# Real Time SOTB...



## Greg Rempe (Aug 31, 2007)

Just got a call from Cappy...he said they are all set up and...it is raining!!  He is set up next to JT's BBQ and some other team that won the event in the Spring...Mr. Mixon was pulling in as he was leaving me this voice mail...He is doing his best to keep the charcoal dry!!


----------



## Diva Q (Aug 31, 2007)

I wish them all the very best!!!


----------



## Griff (Aug 31, 2007)

Our guys excel when conditions are adverse.
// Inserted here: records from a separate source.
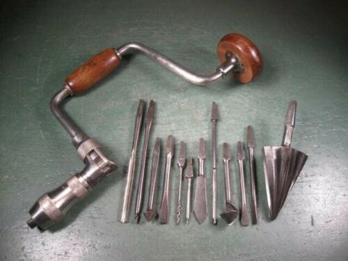 Title (ebay affiliate link): OLD USED VINTAGE STANLEY WOODWORKING TOOLS BIT BRACE W/ BITS GROUP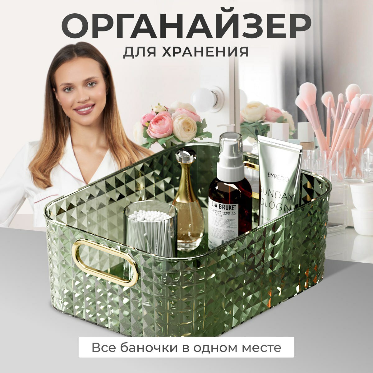 10 цен на Органайзер лоток корзина для хранения косметики зеленый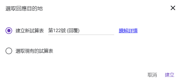 這個步驟其它可以省去,等到有人送出表單資料的時候,其實也是會自動建一個試算表。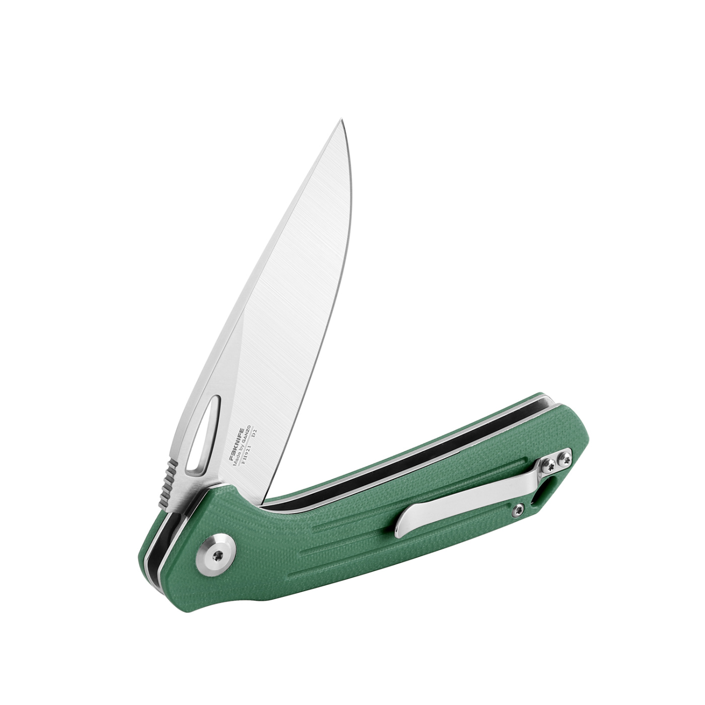 Нож складной Ganzo Firebird FH921 представляет собой карманное изделие, рассчитанное, в том числе, на использование в туризме. Особенность данной модели – в нетипичной форме рукояти, которая имеет выемку в верхней части ближе к обуху. Насечки на обухе способствуют лучшему сцеплению с пальцем пользователя. Другая характерная черта – отверстие в области клинка на месте, где обычно располагается шпенёк. Конструктивный элемент помогает легко открыть изделие рукой. Осевой винт обеспечен круглым металлическим подшипником.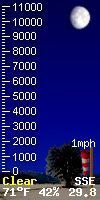 NWS forecast: Mostly clear. Low around 48, with temperatures rising to around 50 overnight. South wind 1 to 17 mph, with gusts as high as 25 mph. WXSIM forecast: Clear. Low 48°. Wind south-southwest around 5 mph, gusting to 17 mph.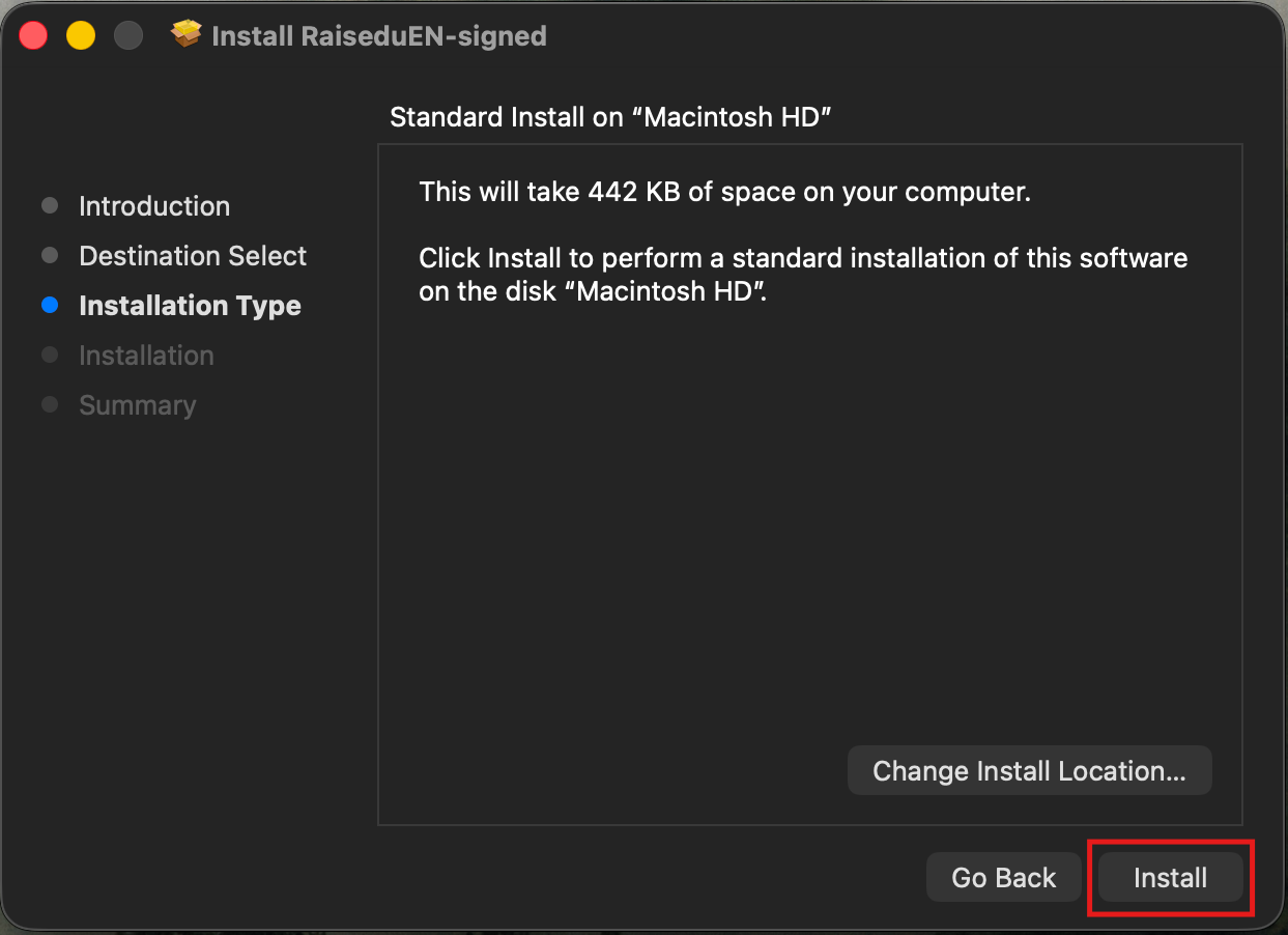 5. Next click “Install”. Important: DO NOT change the install location!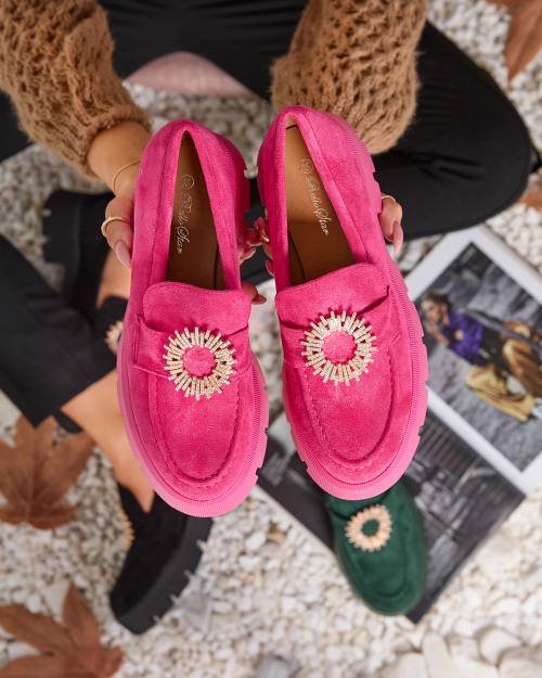 Royalfashion Фуксия Дамски мокасини от еко велур Likoki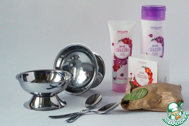 Ирина Ирушенька подарила мне блестящие великолепные креманки с ложечками, о которых я давно тайно мечтала и набор кремов и мыла для ухода с нежнейшим запахом, а мама Иришки прислала ароматнейший вкусный чаек.

Good luck Cap'n and Woody.


----------



## Kloset BBQR (Aug 31, 2007)

Good luck guys and don't believe all those stories you hear about Myron.  He cooks with hickory, kingsford, and lighter fluid.  He can be beat!


----------



## wittdog (Sep 1, 2007)

Wake UP Cappy..It's time for your comp Bloody Mary..all the vitamans you need to do well at SOTB


----------



## Bill The Grill Guy (Sep 1, 2007)

Just got off the phone with Cappy.  Here is what he had to say.Download cappy2.wav


----------



## Greg Rempe (Sep 1, 2007)

Bill The Grill Guy said:
			
		

> Just got off the phone with Cappy.  Here is what he had to say.Download cappy2.wav



You can barely hear Cappy...You sound ok...but not so much on the Cappy...Also, mp3 file would be much smaller...its a 5MB file right now so dial up will take forever.

Try this for a little update.  Good job on the try Bill...I can help you if you need for next time.

http://www.bbq-4-u.com/podcasttest/index.html


----------



## Greg Rempe (Sep 1, 2007)

Latest update from Cappy (filed at 11:41am)  Most recent update is listed first!

http://www.bbq-4-u.com/podcasttest/index.html


----------



## Diva Q (Sep 1, 2007)

congrats to them for the Anything Butt category and also i wish them all the best getting some calls tonight.


----------



## Puff1 (Sep 1, 2007)

Talked to Larry and he's at the stage  
Won't be long.


----------